S.W. Rickett
Filed under: Authors
S.W. Rickett holds an M.A. from the University of Missouri-Kansas City, Education, Reading, and an M.A., English-Creative Writing, Poetry. Poems have appeared in New Letters, Nimrod, Chouteau Review, Number One Magazine, The Kansas City Star, Switched-on Gutenberg, Smartish Pace, The Same, and most recently, Antietam Review. She received a fellowship from Colgate University in 1999, and a fellowship from the Women's Center for Graduate Studies, the University of Missouri-Kansas City in 2002. In 2003 she traveled to Norway and Germany to meet with the adult children of former Nazis and to write a book of poems on the subject. She is semi-retired and an adjunct professor at Park University in Parkville, Missouri. She lives by a lake with her husband, Charles, and Lottie the cat.

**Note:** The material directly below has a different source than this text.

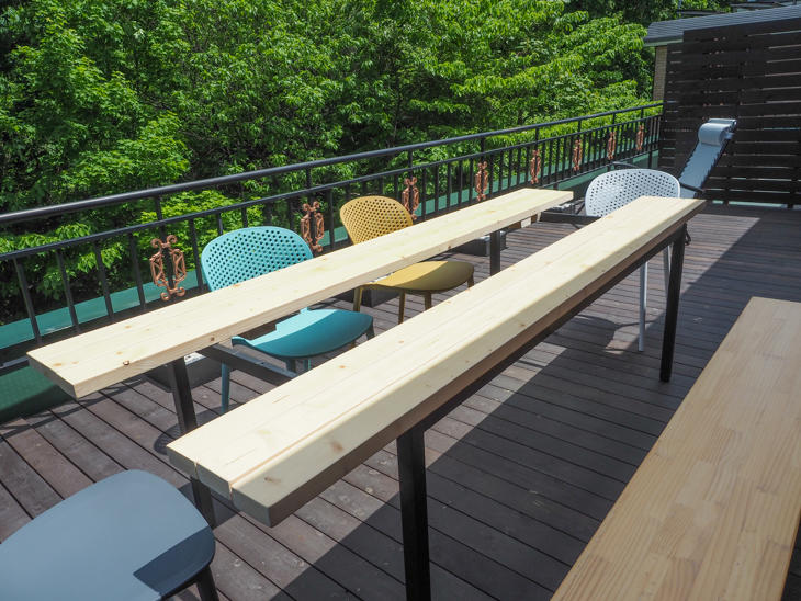 眼前に広がる緑の木々を前にテーブルでのんびり森林浴をしたり、実はテラスにも「コンセント」があるので、青空の下で仕事ができます。

About "Operation Gomorrah", Ms. Rickett writes, "This poem is in the form of a 'curse', which means in phrases. The pattern originates from liturgical verse. Each stich is broken by a caesura. This form is also called a malison. The stichs are split by a caesura into hemstichs. Lindemann was Churchill's controversial advisor. On March 30, 1942, Lindemann speculated that if 58 German cities, each with populations over 100,000, were bombed, that one-third of Germany's population 'would be turned out of house and home,' thus his euphemism 'dehousing' the enemy seemed about as serious as 'delousing' the enemy."